Sinon, si l'on souhaite faire un peu plus compliqué, l'approche de Lynanda pour le filtrage du trafic Skype est intéressante : elle comprend une phase d'apprentissage pour entraîner des réseaux neuronaux à la reconnaissance du trafic Skype. Excitant... mais calculatoirement hyper-coûteux : maintenir une ferme de super-calculateurs uniquement pour éliminer l'utilisation de Skype d'un réseau d'entreprise n'est pas l'idéal. À part ça, certains utilisent des méthodes plus brutales : scanner toutes les machines sur le réseau et supprimer les clients Skype installés comme SkypeKiller. Ce logiciel ne fonctionne que pour supprimer des Skype sous Windows sur des machines contrôlées par l'administrateur. Évidemment il est bien incapable de supprimer un logiciel Skype installé sur un portable personnel se connectant au réseau (d'autant plus si le Skype est installé sous Linux).

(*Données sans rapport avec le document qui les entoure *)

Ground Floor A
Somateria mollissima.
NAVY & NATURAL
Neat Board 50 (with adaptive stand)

Pour en revenir à l'offre illimitée de Skype sur les fixes français, Skype ne propose l'offre qu'aux internautes français. En fait, d'après quelques tests réalisés, Skype réalise une résolution DNS inverse sur l'adresse IP de l'internaute afin de récupérer son nom d'hôte. Le nom est sous la hiérarchie .fr ? Pas de problème l'offre illimitée est applicable. Il ne l'est pas ? Bah tant pis (notamment pour ceux disposant un reverse DNS personnalisé qui n'est pas sous .fr). De même le Skypeur français voyageant à l'étranger ne pourra pas appeler en France. Et puis il semble que seuls quelques appels soient possibles au cours d'une même session Skype.: après il faut se reconnecter pour ne pas voir ses appels échouer lamentablement. Et puis bien sûr (mais ce n'est pas étonnant) pas d'appel sur les mobiles autorisés... l'offre payante SkypeOut s'avère alors nécessaire.

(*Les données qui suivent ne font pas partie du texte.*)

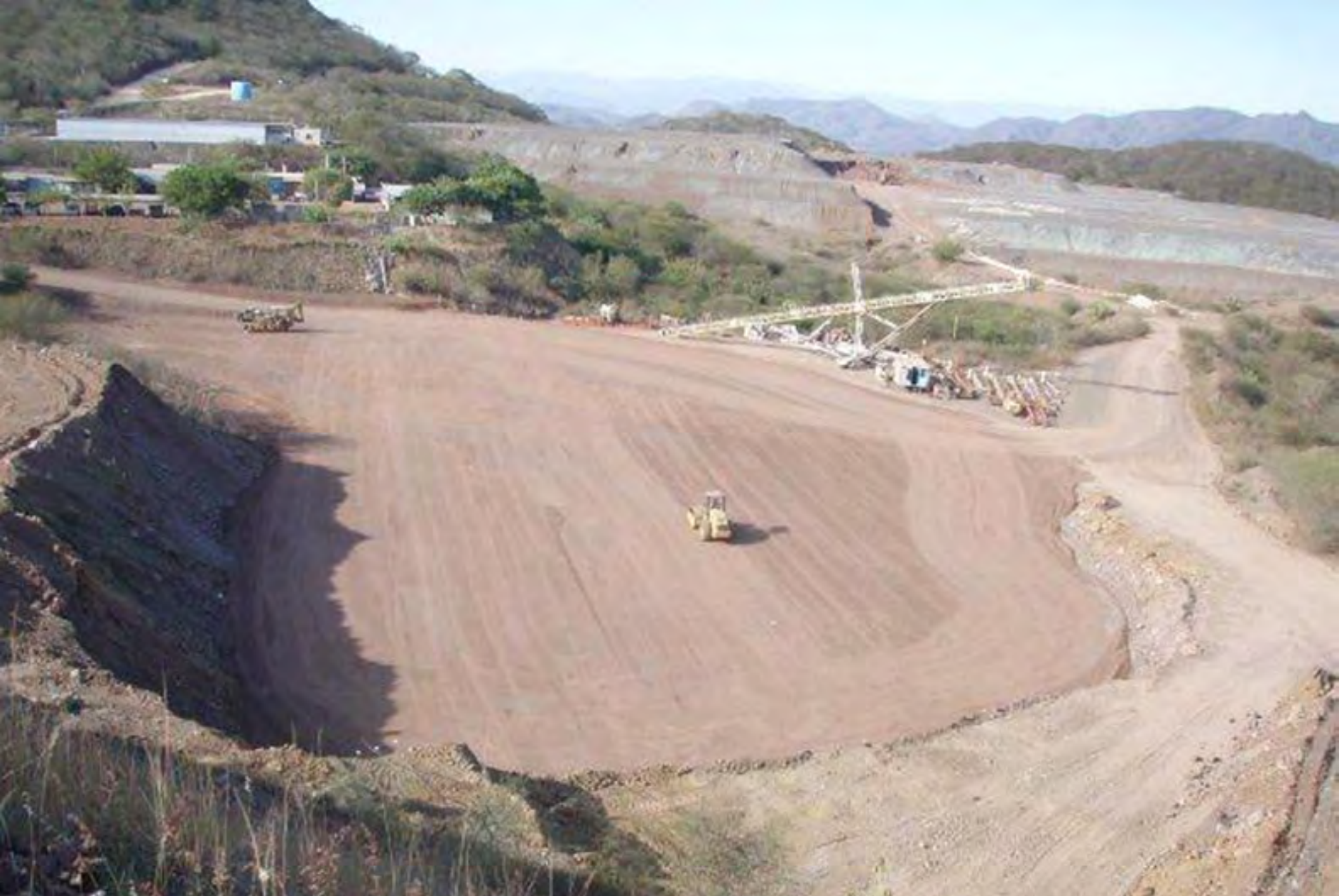
Preparing for the crushing plant installation.

Du côté de chez Wengo, concurrent français de Skype émanation du FAI 9Telecom, le protocole utilisé est beaucoup plus ouvert car s'agissant de SIP. De plus OpenWengo, un logiciel Open Source en cours de développement (et déjà relativement fonctionnel) est proposé. Actuellement des appels illimités vers plusieurs destinations internationales (dont la France, les Etats-Unis et la plupart des pays européens) sont proposés jusqu'à la fin de septembre 2006... à condition d'acheter au moins 10 EUR de crédit d'appel.

  1. Méthode un peu batarde utilisée pour connecter plusieurs machines à Internet sous une unique adresse IP, en attendant la généralisation d'IPv6 avec sa profusion d'adresses IP.